Provided material:
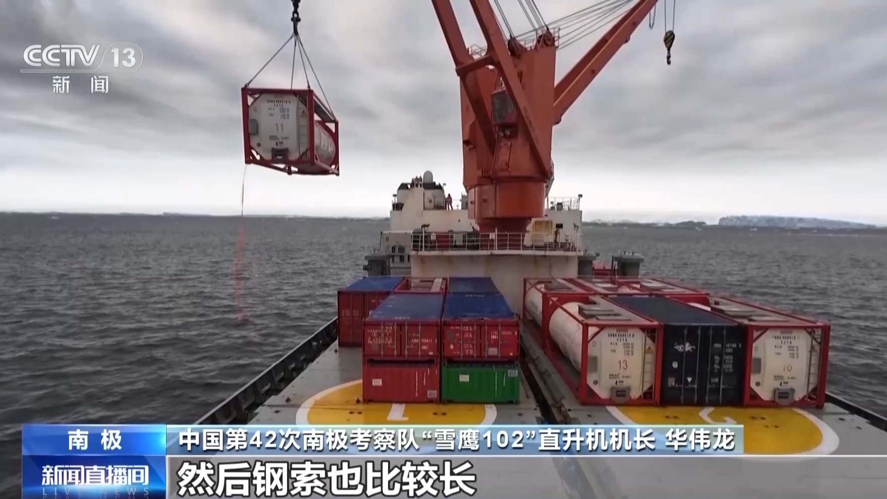 中国第42次南极考察队“雪鹰102”直升机机长 华伟龙:大舱盖吊挂,这是一个难点。大舱盖因为两侧都有障碍物,然后钢索也比较长,舱盖面积又小。
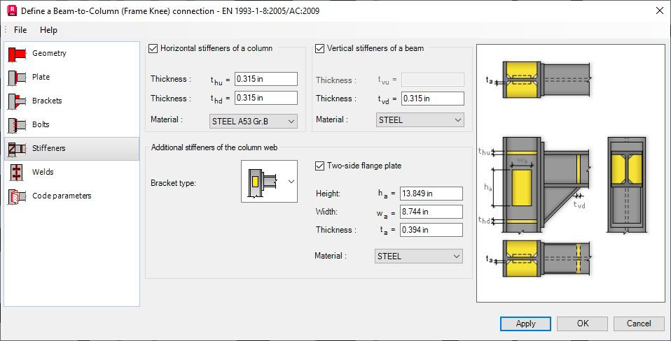 Use the Stiffeners tab to define vertical stiffeners for the beam and horizontal stiffeners for the column.
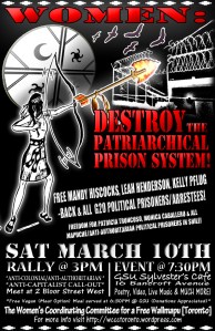 However, despite the harassment and persecution, much resistance has risen from the depth of this brutality. It is for this reason why today we stand in solidarity with our indigenous sisters and brothers who struggle against the ongoing capitalist encroachment for possession of their territory – who struggle to maintain their very existence as a people – and have had to pay the heavy price of political prison and even death at the hands of the genocidal State. It is also for this reason why today we stand with our sisters locally, currently in prison at Vanier Correctional Centre for Women in Milton, ON or facing ongoing charges for having dared to stand up against the economic powers of the world, reflected at the Toronto G20 Summit of June 2010. Our sisters proved that they will not be objectified, nor will they be restricted by the determination of a society based on private property and commodification.
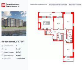 Уникальная, функциональная европланировка, большая кухня-гостиная 17.25 м², вместительная прихожая 9.01 м². Общая площадь квартиры - 82.72 м², жилая 43.44 м², высота потолка 2.77 м.
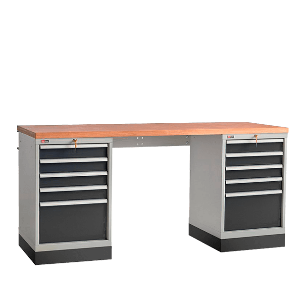 - Опоры столешницы – две напольные тумбы с 5 выдвижными ящиками, которые запираются на центральный замок. Ящики выдерживают нагрузку до 100 кг.
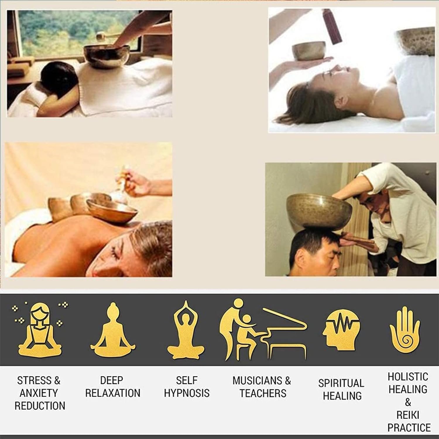 Scientific research has been that Tibetan singing bowls produce theta and alpha brainwaves which are connected to different states of consciousness and open you up to insight and calm, beyond the rational mind.
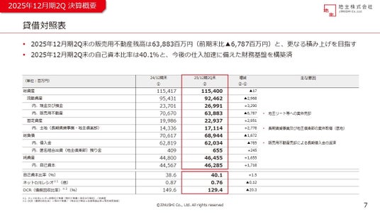 貸借対照表については、総資産は115,400百万円となり、前期末と同水準となりました。販売用不動産残高は63,883百万円と、前期末から6,787百万円減少しましたが、足元では仕入を加速しており、更なる積み上げを目指します。
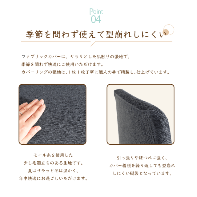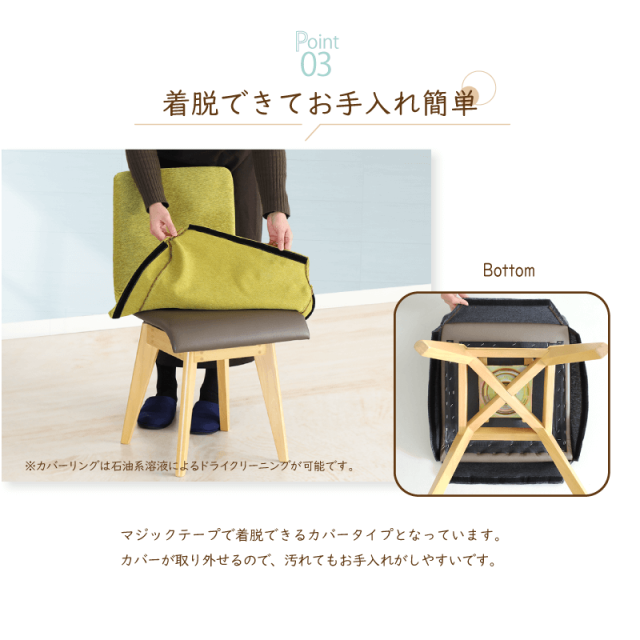 | 材質 | 木部:ラバーウッド/カバー:ファブリック(布)/塗装:ウレタン |

What needs to be done:
Set the data above down again exactly as given, with no pictures.

Solution to the exercise:
 中国第42次南极考察队“雪鹰102”直升机机长 华伟龙:大舱盖吊挂,这是一个难点。大舱盖因为两侧都有障碍物,然后钢索也比较长,舱盖面积又小。
 Use the Stiffeners tab to define vertical stiffeners for the beam and horizontal stiffeners for the column.
 However, despite the harassment and persecution, much resistance has risen from the depth of this brutality. It is for this reason why today we stand in solidarity with our indigenous sisters and brothers who struggle against the ongoing capitalist encroachment for possession of their territory – who struggle to maintain their very existence as a people – and have had to pay the heavy price of political prison and even death at the hands of the genocidal State. It is also for this reason why today we stand with our sisters locally, currently in prison at Vanier Correctional Centre for Women in Milton, ON or facing ongoing charges for having dared to stand up against the economic powers of the world, reflected at the Toronto G20 Summit of June 2010. Our sisters proved that they will not be objectified, nor will they be restricted by the determination of a society based on private property and commodification.
 Уникальная, функциональная европланировка, большая кухня-гостиная 17.25 м², вместительная прихожая 9.01 м². Общая площадь квартиры - 82.72 м², жилая 43.44 м², высота потолка 2.77 м.
 - Опоры столешницы – две напольные тумбы с 5 выдвижными ящиками, которые запираются на центральный замок. Ящики выдерживают нагрузку до 100 кг.
 Scientific research has been that Tibetan singing bowls produce theta and alpha brainwaves which are connected to different states of consciousness and open you up to insight and calm, beyond the rational mind.
 貸借対照表については、総資産は115,400百万円となり、前期末と同水準となりました。販売用不動産残高は63,883百万円と、前期末から6,787百万円減少しましたが、足元では仕入を加速しており、更なる積み上げを目指します。
 | 材質 | 木部:ラバーウッド/カバー:ファブリック(布)/塗装:ウレタン |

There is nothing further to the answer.